Thanks for the info. I think I'll find something inanimate to swear at now..


----------



## Mouse

I have just checked the SIP group site catalogue here http://www.sip-group.com/catalogue09/153.pdf It says it has a cast table (which it has),no mention of iron though,and quick tension release (which it has).It also says it has a quick blade change system, but looks the same as mine (before my mod)

Seems some of the re-sellers interpretations are way out. :roll:


----------



## JohnBailey

Mouse":3sm7evzl said:


> I have just checked the SIP group site catalogue here http://www.sip-group.com/catalogue09/153.pdf It says it has a cast table (which it has),no mention of iron though,and quick tension release (which it has).It also says it has a quick blade change system, but looks the same as mine (before my mod)
> 
> Seems some of the re-sellers interpretations are way out. :roll:



Or more likely, they get a standard promotion pack which has a set of pictures and some text when the product is launched.But nobody bothers updating it when specifications change. 

I was looking at the Sealy version's manual, and there are at least two variations shown. One with a cam operated tensioner, and another with a knob and a pair of recesses for the detachable blade holders.


----------



## Mouse

Just looked at this one Sealey SM1302 . Only difference to mine is the paint colour, and the price.


----------



## JohnBailey

Mouse":uxr6ch49 said:


> Just looked at this one Sealey SM1302 . Only difference to mine is the paint colour, and the price.
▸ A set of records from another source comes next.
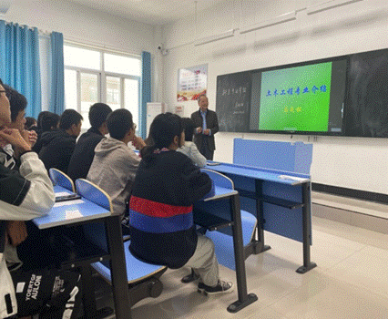 马成松教授对土木工程专业进行介绍。他围绕该专业的学习科目、从业者业务知识和能力、展示生活中常见的建筑和工作要求进行介绍,让同学们更加直观了解到此专业的培养方向。马教授指出,在认真学习课程知识的同时,也要注重工程能力的培养,为今后就业打下坚实基础。
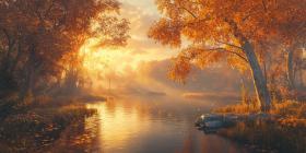 Autumnal Blaze: A fiery sunset paints the sky and reflects on the placid waters of a lake, illuminating the vibrant foliage of the surrounding autumnal landscape.
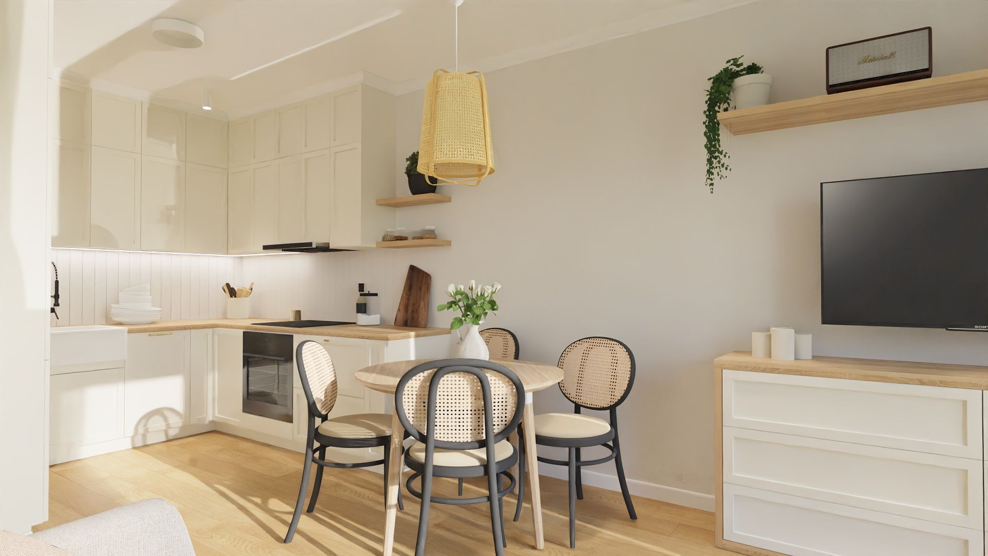 Minimalistyczna kuchnia z nowoczesnymi meblami w stylu skandynawskim i soft minimalizm. 4 zdjęć w projekcie Zobacz projekt
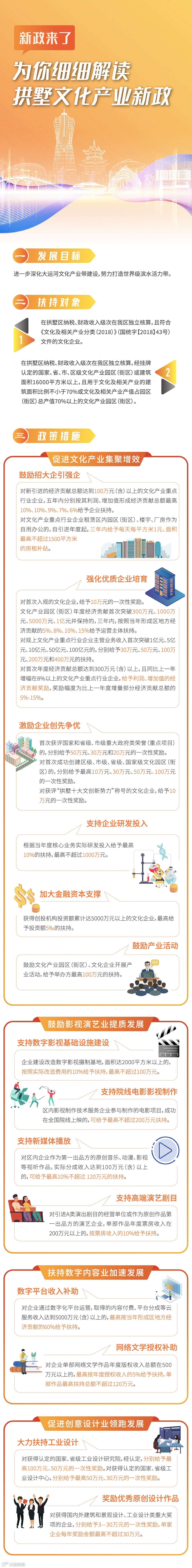 《拱墅区关于鼓励文化产业创新发展的若干意见》作为日前拱墅区新鲜出炉的“1+3+N产业政策”之一,将为拱墅区进一步深化大运河文化产业带建设,努力打造世界级滨水活力带提供强劲动力。

Ahh.. But that's just the picture.

Don't pay any attention.. I'm just annoyed that the description didn't match the product. Probably doesn't make much difference to functionality. The place I'm thinking of buying from is only about 4-5 miles away from me, so I may get a cab back there and see it before I buy.


----------



## Mouse

If you have one that close I dont think you should even think about it, definately go and check it out.


----------



## JohnBailey

Mouse":34pgk38i said:


> If you have one that close I dont think you should even think about it, definately go and check it out.



Yep. Just another few weeks until the SIPs are back in stock, (I hope) so a quick phone call followed by the joys of a wheelchair on public transport and I'll know for sure.


----------



## BMac

John,

Slightly off topic but still to do with you buying a saw. I have a friend in Bromley who is disabled and uses taxis all the time because she only pays £1 and the taxi company claims the rest from the council. Is that scheme available across London or is it just Bromley? I'm thinking of the hassle you will have trying to get a saw home. Would it be possible to have the saw delivered?

Brendan


----------



## JohnBailey

BMac":23cxlfvl said:


> John,
> 
> Slightly off topic but still to do with you buying a saw. I have a friend in Bromley who is disabled and uses taxis all the time because she only pays £1 and the taxi company claims the rest from the council. Is that scheme available across London or is it just Bromley? I'm thinking of the hassle you will have trying to get a saw home. Would it be possible to have the saw delivered?
> 
> Brendan



Hi Brendan
I know the scheme you mean. It is London wide as far as I know, but when I used it years ago, it drove me nuts. I lost count of the times I was waiting hours for the black cab to arrive, if at all. I gave it up when they cut the number of trips to 20 a year or something equally daft. Thanks for thinking of me though. Much appreciated. 

I'm more agile than I look, so public transport to Croydon, and a minicab back. Hopefully with saw..


----------